Li Ning Axforce 90 New Review
The AxForce 90 New is Li-Ning’s answer to feedback on the AxForce 90 Long and Tiger line: a faster, more forgiving offensive racket rather than another ultra-de…
Positioning versus other AxForce models
I would frame the 90 New as joining the AxForce 80 and 70 in a medium-sweet, approachable offensive tier, unlike the Long, Tiger, and 100 “amplifier” rackets that punish mistiming.

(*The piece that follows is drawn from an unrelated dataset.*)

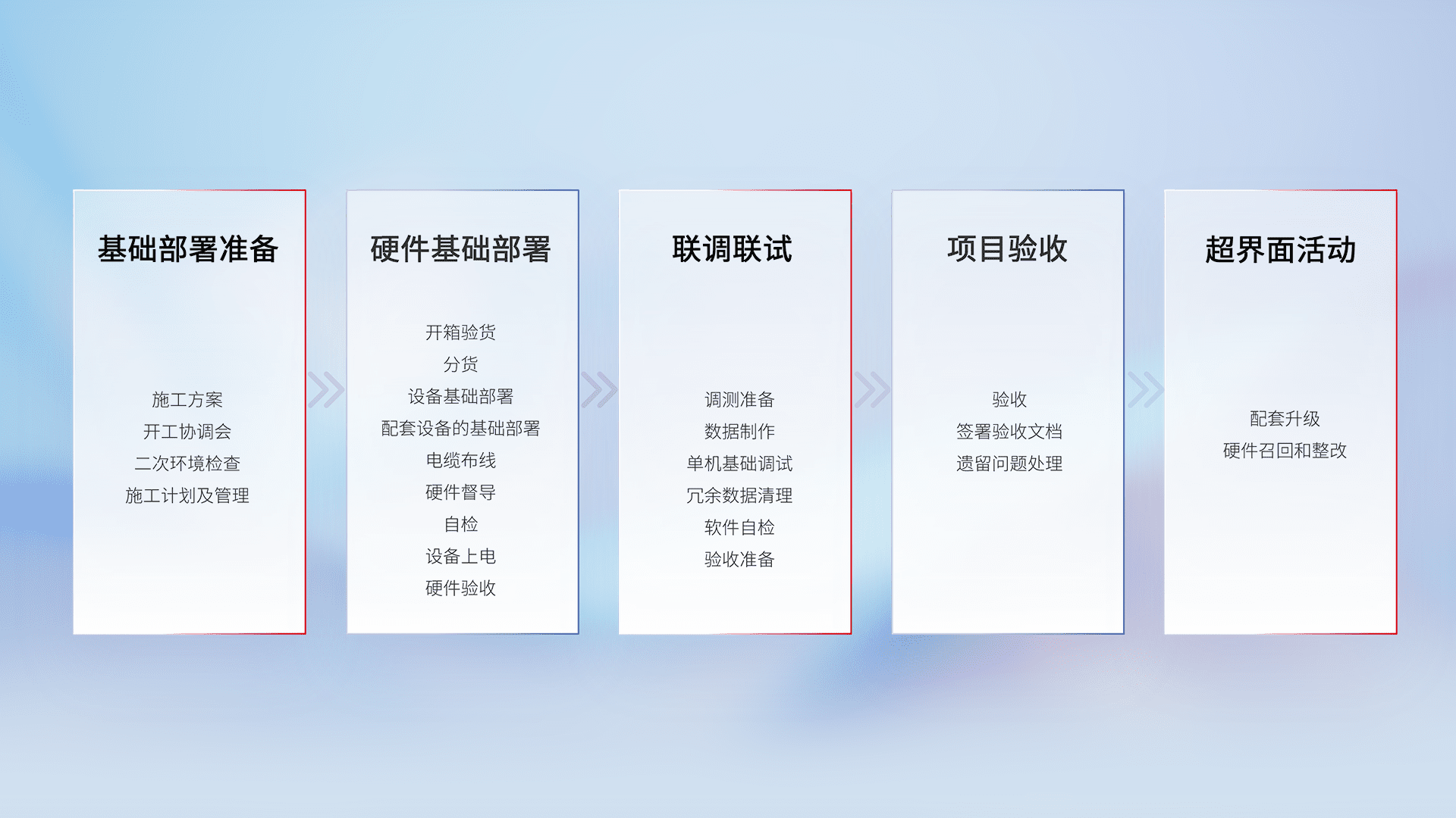 从基础部署准备、、、硬件基础部署、、、联调联试、、、项目验收、、、越界面活动的全过程可追溯,,保证施工质量和进度。。

Reported upgrades versus Long and Tiger include roughly 10% larger effective sweet spot, faster shaft recovery, lower lateral wobble, and the lowest head drag in the AxForce family—trading some rear-court brute force for chain speed. Versus AxForce 80, I find the 90 New offers faster shaft rebound, firmer feedback and quicker output, with lower swing weight in many 4U/5U builds. In one 4U comparison (90 New vs 80, both ~304 mm balance) found the 90 New swings lighter despite similar static weight, with a crisper, more precise feel. On the 5U build I found the 90 New heavier than AxForce 80 Muse but far easier than 4U AxForce 80— “substantial but not sluggish.” Versus AxForce 90 Long and Tiger, the NEW is consistently described as easier to drive, faster in rhythm and more forgiving off-centre, with less concentrated smash feedback but better continuous offence. Long and Tiger still win on raw ceiling and single-shot kill for strong singles players.
On-court character
Offence: My take shifts with spec and how hard I am swinging. During one sick week on the 4U build I found almost no drive threshold—soft, resilient-elastic contact, stable attacking, precise placement, decent shuttle speed without violent feedback (approachable enough that some call it an “80 NEW” in spirit). On fresh 4U/3U sessions I lean into crisp, springy, hard-frame speed with clear shaft burst, strong variable attack and chain offence—but it is not beginner-friendly and demanding in fast doubles. I rate 3U entry difficulty high (strong technique required) while 4U and especially 5U feel more accessible. Common positives: accurate placement, good continuous attack, satisfying shaft catapult on full clears and smashes, and offensive DNA that remains even when the feel is softened versus Long and Tiger. Defence and drives: I praise flat drive agility—unusually flexible for an AxForce frame—with control that matches Halbertec 8000/9000-class all-rounders in some tests. I also notice rear-court lift under pressure and fast doubles mid-court as weaker areas, especially in 3U/4U head-heavy builds. Net and control: Soft-string setups (N61/N63/N65) improve touch; fast strings (e.g. L67Q) raise speed but reduce net dwell. Long shaft (223 mm cited) aids whip; lack of an extended handle I was disappointed seeking extra grip length. Singles vs doubles: Strong singles recommendations for lift-drop and variable attack; doubles suitability ranges from “excellent all-rounder” to “prefer 5U for speed”—again weight-dependent.
Who it suits
Broad consensus: the 4U/5U AxForce 90 New suits amateurs stepping up from AxForce 80, Halbertec 8000 fans wanting more offence, and players wanting AxForce identity without AxForce 90 Long/Tiger demands. 3U suits power-focused singles players who can load a firm shaft. Not ideal if you want maximum single-shot smash weight, an extra-long handle, or a true beginner’s first racket.
How my take evolved
Entry barrier shifts hard by weight: 4U felt like “no drive threshold” — very easy even when I was unwell. 3U was different — not beginner-friendly, with genuinely high entry difficulty if you lack arm speed. Feel moved from soft, gentle, and resilient-elastic to crisp, hard-framed explosive spring depending on string choice and how I was evaluating the frame. vs AxForce 80: 4U tested lower swing weight than 80; 5U landed clearly heavier than 80 Muse — compare the same weight class. Doubles: first pass called it a comprehensive singles/doubles weapon; longer term, 3U/4U head-heavy builds struggled in fast mid-court — I would steer speed-first doubles players toward 5U. Offence ceiling: I initially thought it traded AxForce 90 Long/Tiger kill speed for forgiveness; it still holds serious attack credentials with firm shaft options — the Long/Tiger baseline just sets a different bar.